Management Style Assessment

This assessment helps identify your preferred style of management and can help determine how it effects the level of business success you will receive ( adapted from Marilee Sprenger “The Leadership Brain for Dummies”).

Mark your preference on a scale of 1 to 5. 1 represents never ( you never do this), 2 represents rarely, 3 represents sometimes, 4 often and 5 represents always.

1. Power and control are important to me.
2. I am the expert in all areas of my business.
3. Decision making is shared in my business.
4. I control every aspect of my business.
5. I recognize outstanding achievers in my business.
6. Workers in my business do only what they are told to do.
7. I don’t follow up with my workers, it’s not necessary.
8. When problems occur in my business, I decide how to fix them.
9. I help my workers grow and improve.
10. My workers know their jobs better than I do.
11. Worker input takes too much time.
12. I enjoy being in charge.
13. I appreciate the opinions of my workers.
14. I help my workers achieve their highest potential.
15. I ask for input from my employees.
16. I like to share authority.
17. I don’t tolerate mistakes.
18. I allow workers to help solve problems.
19. I trust my workers.
20. It’s not necessary to talk about the business with workers.

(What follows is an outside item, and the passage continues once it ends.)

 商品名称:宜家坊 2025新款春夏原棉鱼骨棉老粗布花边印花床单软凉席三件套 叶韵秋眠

Add your values for statements 1,2,4,6,7,8,11,12,17,and 20 for your Authoritarian score.
Add your values for statements 3,5,9,10,13,14,15,16,18.19 for you Participative score.
Businesses require a mix of both styles. Where is your largest score?  Will this style grow your business?



Listening Styles Assessment

When we communicate, listening is the critical part of any interactions we have with family, colleagues, employees or others. We all “hear” what others are saying but “listening” is a skill that must be developed over time. Understanding the importance of listening and modeling it in your business will promote the growth of your organization. This informal and simplified assessment will give you an awareness of some of your listening preferences. Be honest with your answers, no one will see this but you, and work on any areas that need a little tweaking for your growing business.

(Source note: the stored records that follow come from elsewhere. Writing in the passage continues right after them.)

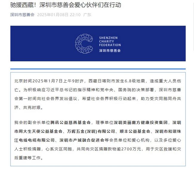 北京时间2025年1月7日上午9时许,西藏日喀则市发生6.8级地震,造成重大人员伤亡和大量房屋倒塌,牵动了全国人民的心。灾情面前,全国各地多方力量主动增援,迅速投入救灾一线。包括周大生天使公益基金会、腾讯公益慈善基金会、顺丰公益基金会、深圳市和谐珠江电线电缆有限公司等深圳市慈善会会员单位积极驰援西藏,共同向灾区捐赠款物逾2700万元,用于灾区救援和灾后重建等工作。同舟共济、共克时艰,各企业积极行动通过自己的绵薄之力为灾区人民送去温暖与希望,展现了“一方有难,八方支援”的中华民族传统美德和团结互助的精神,帮助受灾同胞早日度过难关。
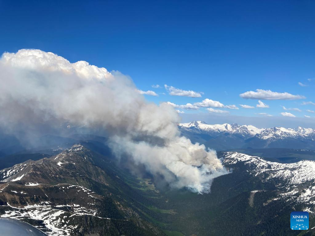 An aerial image taken on June 4, 2023 shows the magnitude of wildfires in Chapel Creek, British Columbia, Canada. With more than nine million acres of land burnt, over 20,000 residents evacuated and at least 400 fires still active, half of which are believed out of control, a staggering series of figures revealed on Wednesday by Canadian Minister of Emergency Preparedness Bill Blair showed that the country is facing an unprecedented battle against the raging wildfires. (BC Wildfire Service/Handout via Xinhua)
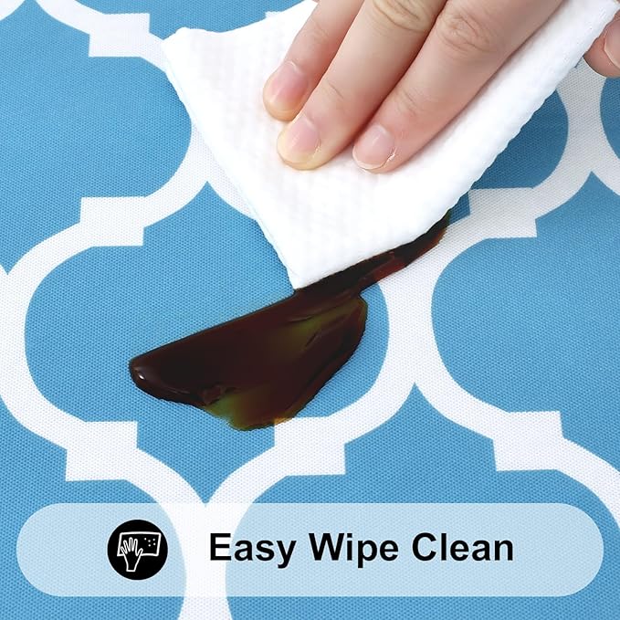 - [Waterproof & Wipe Clean] Our table cover surface is made of selected vinyl material, which can effectively waterproof. Spill proof coating makes tablecloth easy to clean, just wipe it off with a damp sponge or rag in a minute.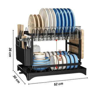 Introducing the 2 Tier Dish Drain Rack, an essential addition to any kitchen for efficient dish drying and organization. Crafted with convenience and functionality in mind, this dish rack boasts a thoughtful design with practical features to streamline your kitchen chores. Say goodbye to cluttered countertops and hello to a tidy, organized space with this versatile dish-drying solution.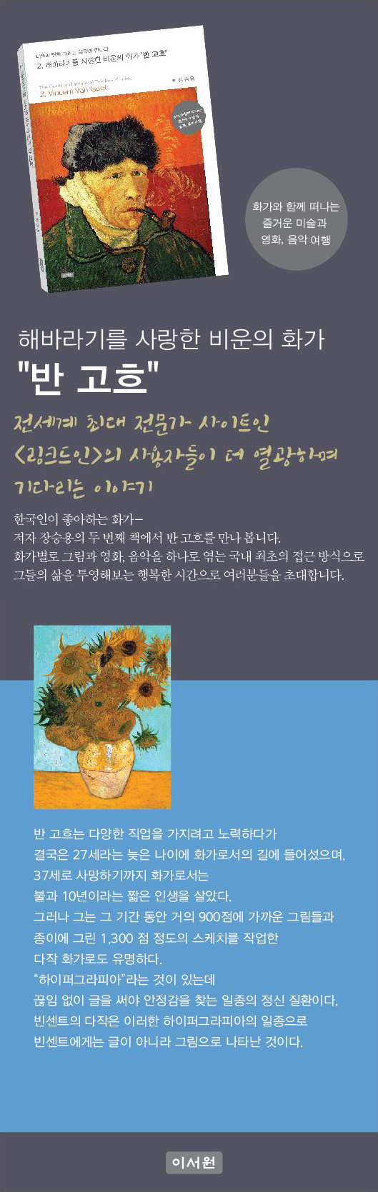 ºó¼¾Æ® ¹Ý °íÈå (Vincent Willem Van Gogh)´Â 1853³â 3¿ù 30ÀÏ¿¡ Ãâ»ýÇÏ¿© 1890³â 7¿ù 29ÀÏ¿¡ »ç¸ÁÇÑ ³×´ú¶õµå Ãâ½ÅÀÇ ¡®Èıâ ÀλóÁÖÀÇ È°¡¡¯ÀÌ´Ù. 10¿© ³âÀÇ ÂªÀº ±â°£ µ¿¾È ¾à 860Á¡ÀÇ À¯È¸¦ Æ÷ÇÔÇÏ¿© 2,100Á¡ ÀÌ»óÀÇ ÀÛǰÀ» ¸¸µé¾ú´Ù. ±×ÀÇ ÀÛǰÀº ÃÊ»óÈ, ÀÚÈ»ó, dz°æ, Á¤¹°, ¿Ã¸®ºê ³ª¹«, »çÀÌÇÁ·¯½º ³ª¹«, ¹Ð¹ç°ú ÇØ¹Ù¶ó±â µîÀÌ ÀÖÀ¸¸ç, »ó¡ÀûÀÎ »ö»ó°ú ±ØÀûÀ̰í Ãæµ¿ÀûÀ̸ç Ç¥ÇöÀûÀÎ ¹æ½ÄÀÌ Æ¯Â¡ÀÌ´Ù. ±×´Â »ý¾Ö µ¿¾È ´ÜÁö ÇÑ ÀÛǰ¸¸À» ÆÈ¾Ò°í °¡³°ú Á¤½ÅÁúȯÀ¸·Î °í»ýÇÏ´Ù°¡ 37¼¼¿¡ ÀÚ»ìÇÏ¿´´Ù. ±¤Àΰú ÀλýÀÇ ½ÇÆÐÀÚ·Î ÀνĵǾúÁö¸¸, ¿À´Ã³¯ ¸¹Àº »ç¶÷µé¿¡°Ô Á¦´ë·Î ÀÎÁ¤¹ÞÁö ¸øÇÑ ÃµÀç·Î Æò°¡ ¹Þ°Ô µÇ¾ú´Ù. ±×ÀÇ ±¤¹üÀ§ÇÑ »ó¾÷Àû, ´ëÁßÀû ¼º°øÀº 20¼¼±â Ãʱ⠵¶ÀÏÀÇ Ç¥ÇöÁÖÀÇÀÚµé°ú ¾ß¼öÆÄ°¡ ±×ÀÇ ÀÛǰÀ» »ç¿ëÇÏ¸é¼ ½ÃÀ۵Ǿú°í, ±×ÀÇ ¸í¼ºÀº 20¼¼±â µ¿¾È ²ÙÁØÈ÷ ¼ºÀåÇÏ¿´´Ù.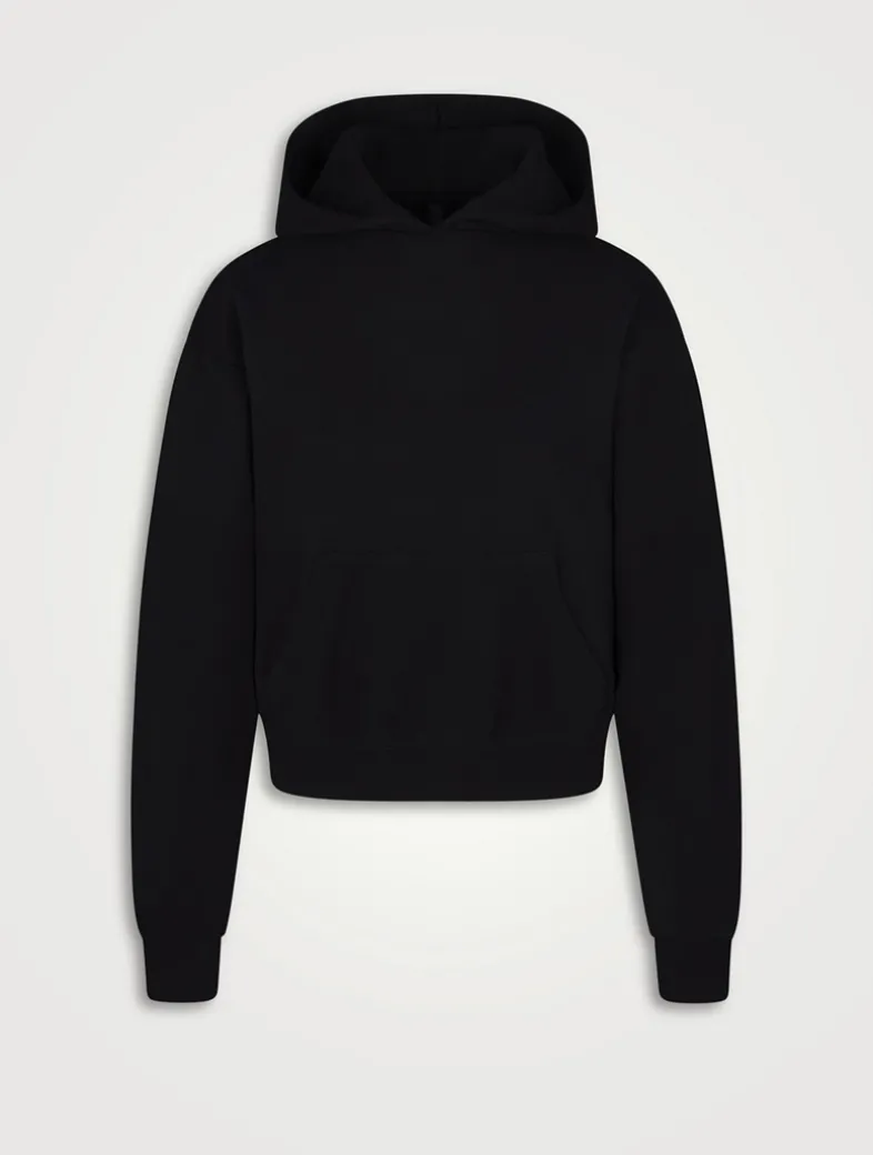 Your lounge collection isn’t complete without this classic pullover hoodie made with SKIMS’ softest fleece fabric and updated with a slightly longer length and more open neckline. Features front kangaroo pockets, a double-lined hood, and a ribbed waistband and cuffs. Fits true to size.

Use the scale of 1 to 5 to assess your preferences for each statement.
1-Always 2-Often 3-Sometimes 4-Rarely 5-Never

1. I like to listen to complicated information

2. I can easily tell if someone is pleased or distressed when I listen.

3. I check my watch frequently when my time is limited.

4. I don’t have much patience with people who get off the point when talking.

5. I nod and make eye contact when listening to someone.

6. I get frustrated if the person’s ideas are disorderly.

7. I try to determine how the person is feeling when I listen.

8. Sometimes, I finish the thoughts for the person.

9. I try to pick out errors when the person is speaking.

10. I am involved when listening to the problems of the person.

11. I like facts and evidence.

12. I ask questions to further the conversation.

Several listening styles have been identified by researchers. See “Listening and Leadership: A Study On Their Relationship” by Gregory Rynders.  In this brief exercise we will explore only two: Relationship listening and Critical listening. Relationship listening allows people to open up through support and honesty. Critical listening is when you attempt to analyze what the speaker is saying to determine what you are going to do.

Add your values for questions 1, 2, 5, 7, 10, and 12 for you Relationship listening score.

Add your values for questions 3, 4, 6, 8, 9, and 11 for your Critical listening score.